Learning Visual Inference and Measurement

Event
Speaker: 
Ayan Chakrabarti
Thursday, April 6, 2017 - 3:40pm
Location: 
2019 Morrill Hall

Abstract:

Computer vision systems seek to recover properties of the physical world from measurements of reflected light. To do so, they must solve ill-posed estimation problems by leveraging the statistical structure present in natural scenes. In the first part of the talk, I will introduce a new inference framework that can efficiently reason with different notions of spatial structure, at different scales and over different regions across the visual field. This allows the accurate recovery of continuous-valued maps of scene properties---depth, surface orientation, reflectance, motion, etc.---from image data.
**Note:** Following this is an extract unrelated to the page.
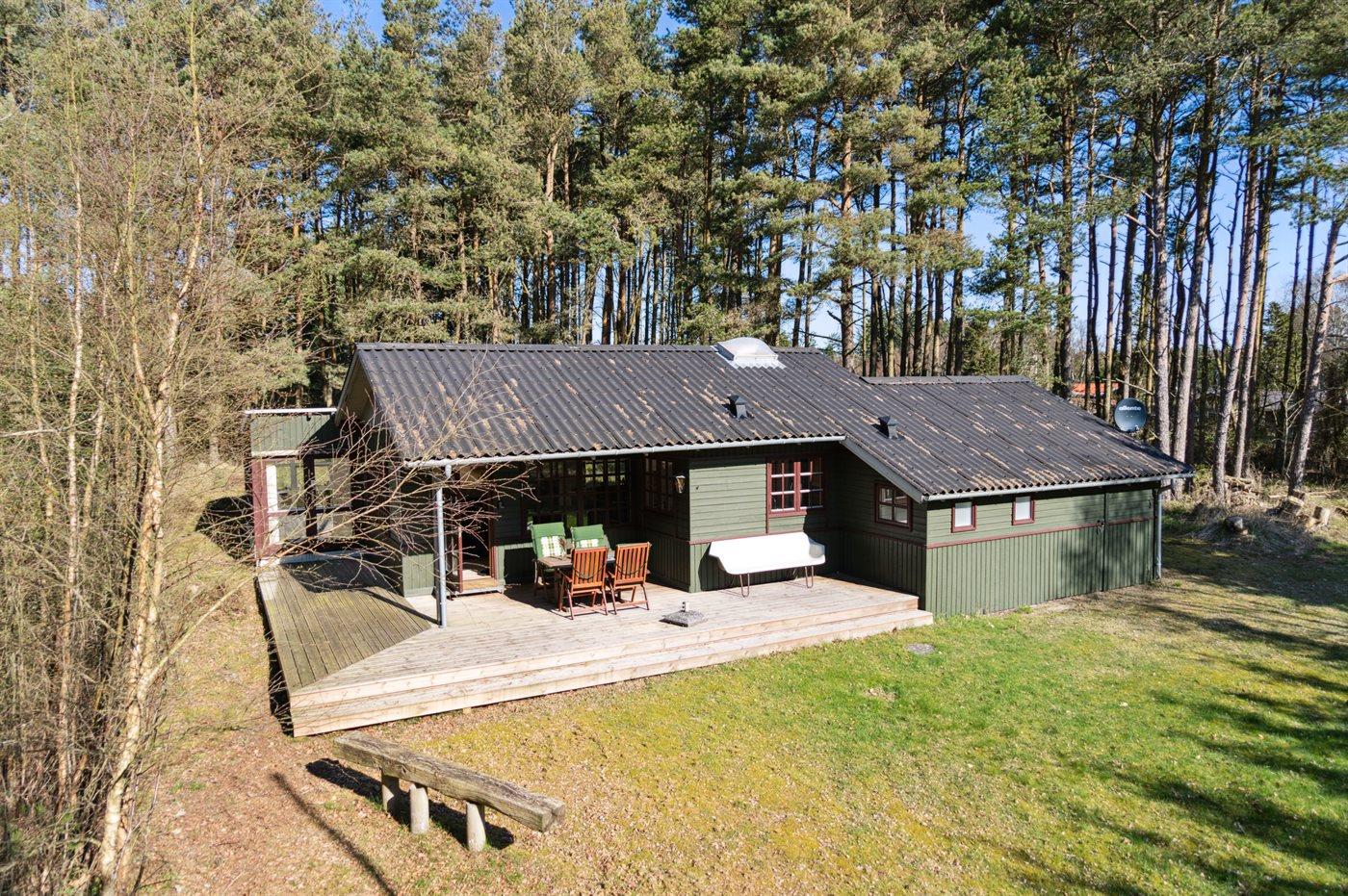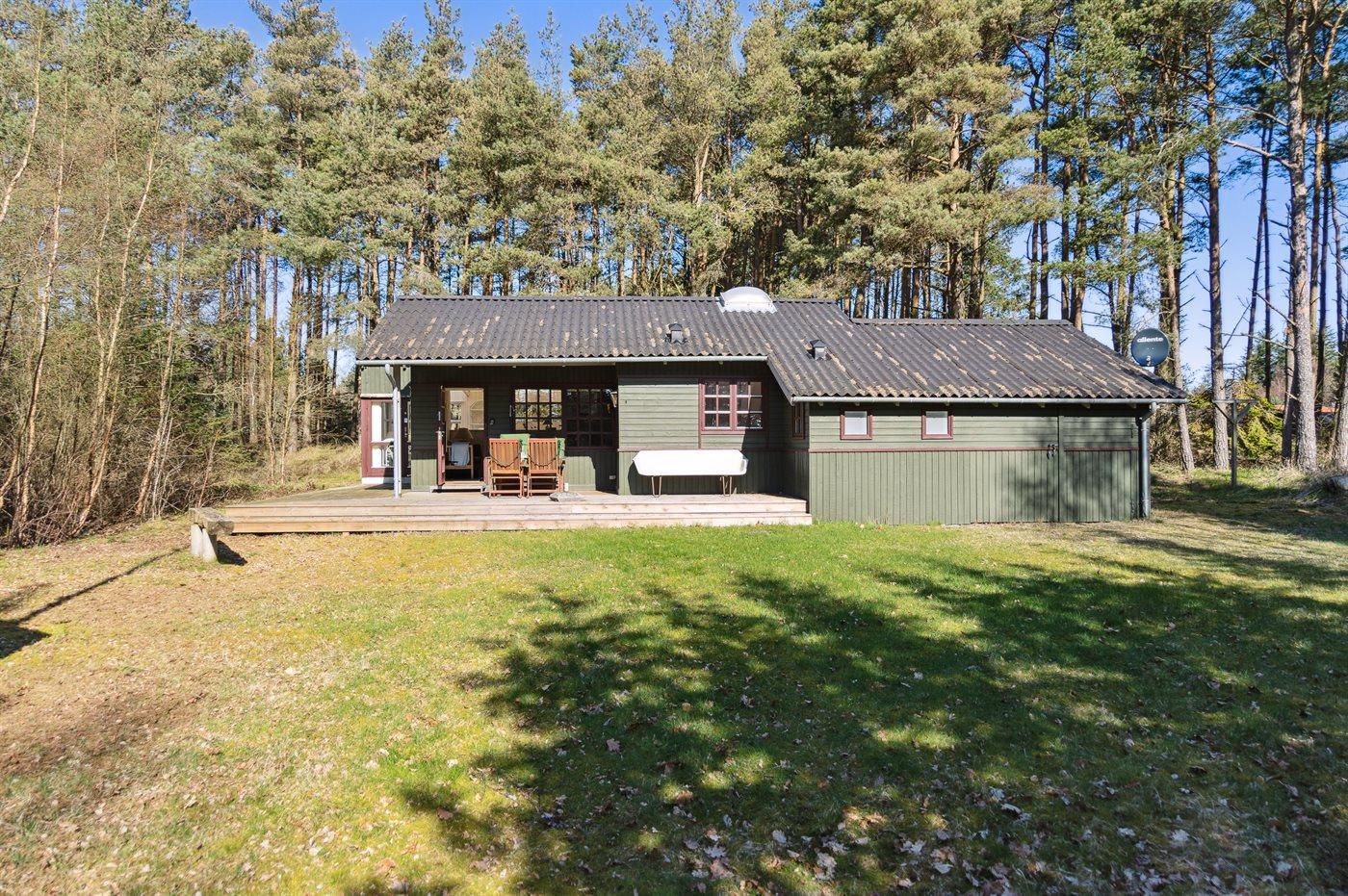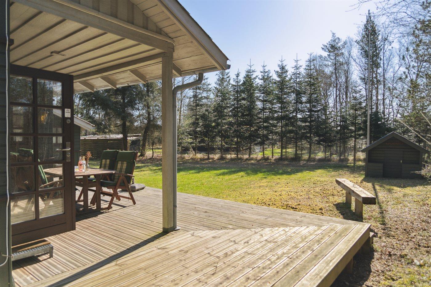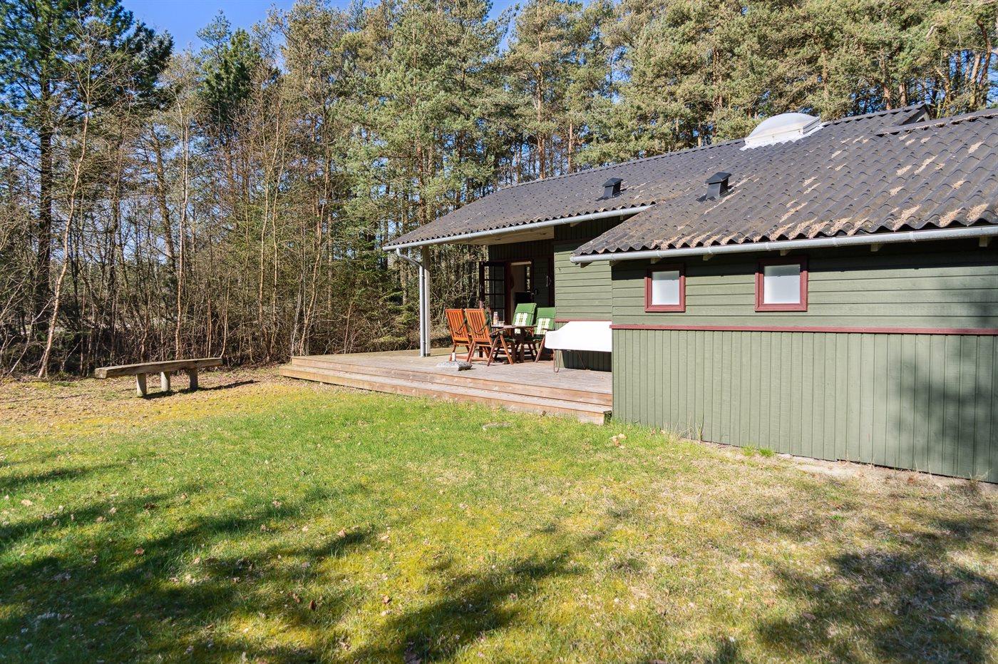 Das Ferienhaus liegt auf einem von Bäumen umgebenen Grundstück, sodass Sie sich ungestört im Garten aufhalten und die Ruhe genießen können. Es gibt sowohl eine offene als auch eine überdachte Terrasse, auf denen Sie Ihren Urlaub ganz unabhängig vom Wetter genießen können.

Specifically, I will describe a method that uses this framework to estimate scene depth from a single image, by training a neural network to produce dense probabilistic estimates of different elements of local geometric structure, and harmonizing these estimates to produce consistent depth maps.

Bio: 

Ayan Chakrabarti is currently a Research Assistant Professor at the Toyota Technological Institute at Chicago. He completed his PhD. in Engineering Sciences from Harvard University in 2011, advised by Prof. Todd Zickler, and was a post-doctoral fellow at Harvard from 2011-14. Dr. Chakrabarti works on applying tools from machine learning to problems in computer vision and computational photography---dealing with the design of accurate and efficient algorithms for visual inference, and of new kinds of high-capability sensors and cameras. His research seeks solutions to these problems by considering both the physics of image formation, and the statistics of natural images and scenes.